Transferability: the concept of using prediction error as surprise to allocate memory or partition events is transferable to embodied AI, long-range video QA, and streaming agents.

Limitations & Future Work¶

Predictive sensing is still a prototype: memory compression, consolidation, and retrieval rely on manually set thresholds and windows rather than end-to-end learning.
VSI-SUPER is a synthetic benchmark: while reflecting real challenges, it uses edited insertions and concatenations, leaving a gap compared to real continuous sensory streams.
Surprise threshold tuning: both surprise metrics in the VSC ablation were optimized via hyperparameter tuning, indicating a lack of adaptive mechanisms.
Future Directions: upgrade rules for memory consolidation and event segmentation to learnable modules; extend LFP from "next latent frame prediction" to long-range world state prediction to approach Level 4 "predictive world modeling."
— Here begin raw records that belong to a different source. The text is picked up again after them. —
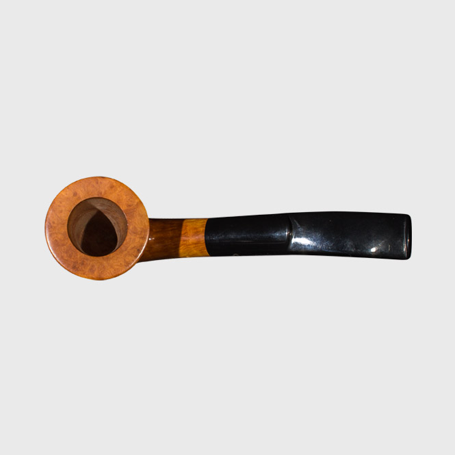 Der Kopf und der aufsteigende Holm wurden aus Bruyèreholz handwerklich hochwertig in Italien gefertigt und seidenmatt poliert. Auf dem schwarzen Acyrlmundstück befindet sich das Firmenlogo. Diese Pfeife ist ohne Filter.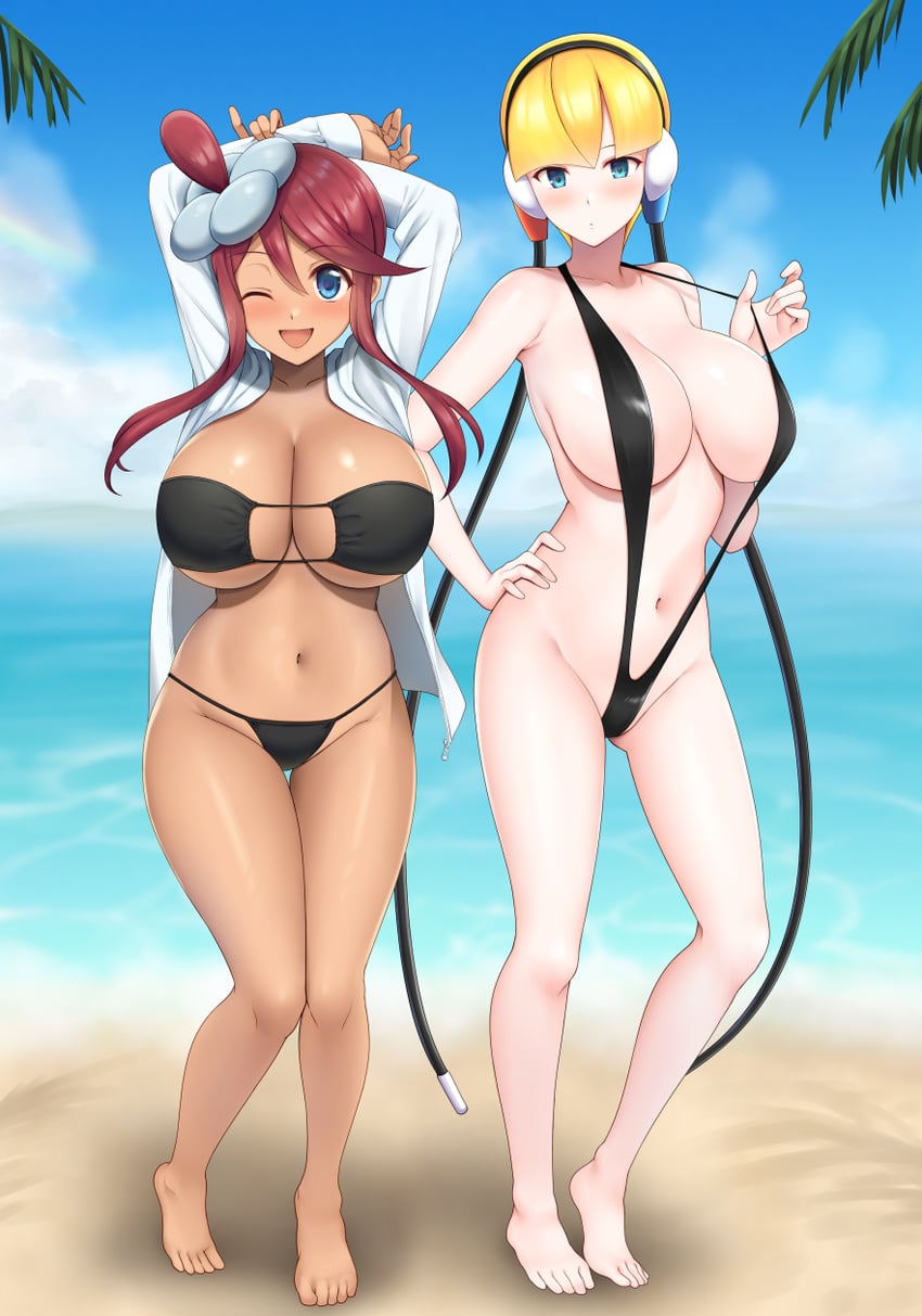 mis, misoka nitsuki, gongsun zan, yagokoro eirin, sangokushi taisen, touhou, 1girl, breasts, cleavage, female focus, hat, huge breasts, large breasts, naughty face, solo, thighhighs, underboob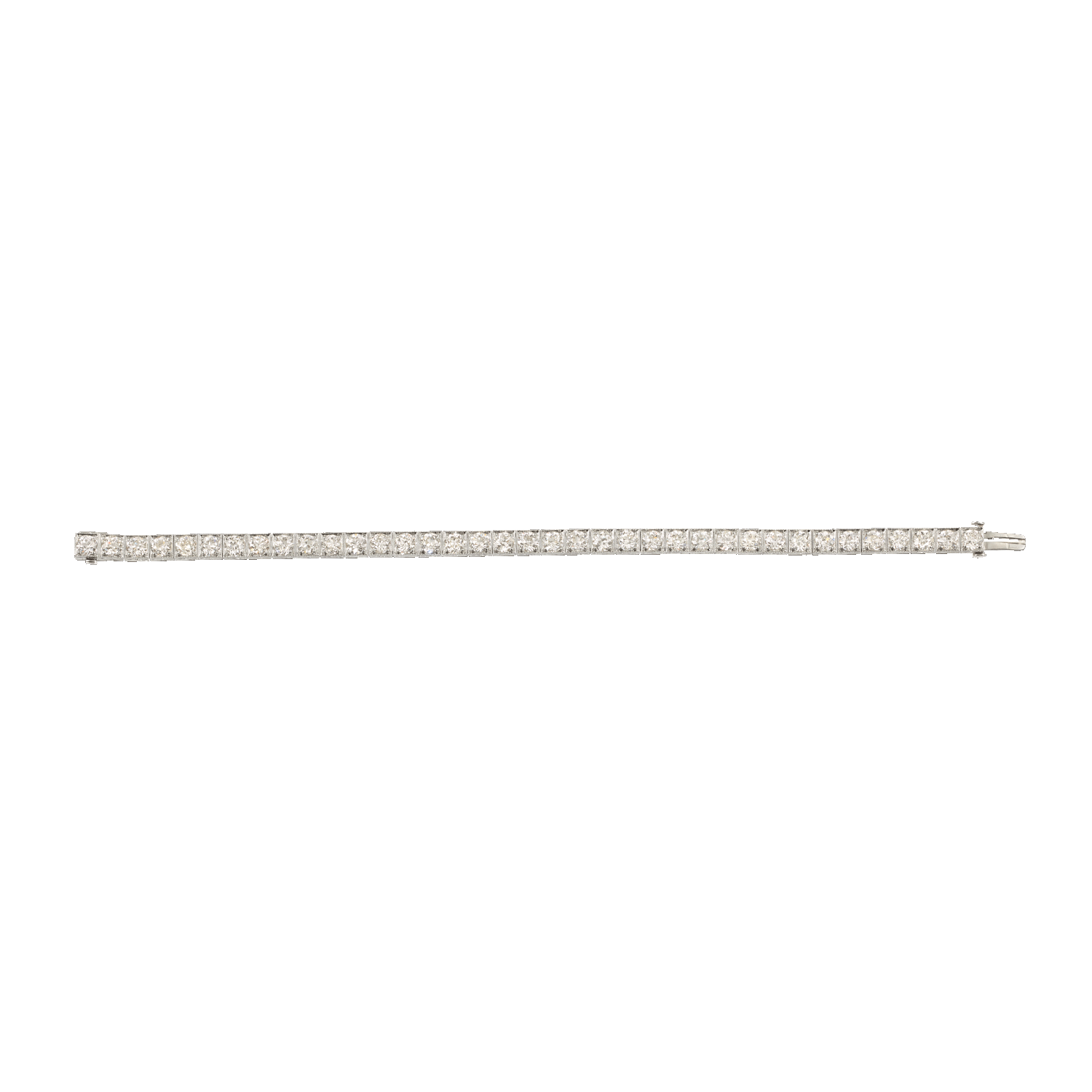 In platinum (approx. 950), set with 37 very fine, old round-cut diamonds, mostly wesselton (-top wesselton) colour and vs (-si) clarity, approximately 4 mm diameter each, total diamond weight approximately 12 carats, grain-set, features a delicate movement mechanism, with fine hand engraving on the sides, box clasp with safety latch, exceptionally fine craftsmanship

vs. Long-context/Brute-force Scaling (Gemini, etc.): these rely on stuffing entire videos into context; this paper proves this hits a wall with "infinite input." Ours uses selective memory and surprise filtering for constant VRAM and stable accuracy.
vs. Streaming Video Memory (MovieChat, Flash-VStream, etc.): while prior long-video architectures exist, this work differs by using prediction error (surprise) as a unified control signal instead of frame similarity or fixed rules.
vs. VSI-Bench: VSI-Bench initiated spatial cognition testing but with short, single-scene videos. VSI-SUPER extends this to arbitrarily long, multi-scene, streaming scenarios, explicitly targeting Level 4 capabilities.
Conceptual Roots: aligns with JEPA/V-JEPA, world models, and Free Energy/Active Inference (Friston)—applying predictive coding from cognitive science to video MLLMs.

Rating¶

Novelty: ⭐⭐⭐⭐⭐ Proposing spatial supersensing hierarchy + unified surprise signal is original.
Experimental Thoroughness: ⭐⭐⭐⭐ Benchmarks, data, models, and two case studies form a closed loop, though the new paradigm is still a limited-scale prototype.
Writing Quality: ⭐⭐⭐⭐⭐ Clear argumentation structure; honestly presented as a proof-of-concept.
Value: ⭐⭐⭐⭐⭐ Directs long-video/streaming multimodal research from passive accumulation to active prediction; VSI-SUPER has long-term value.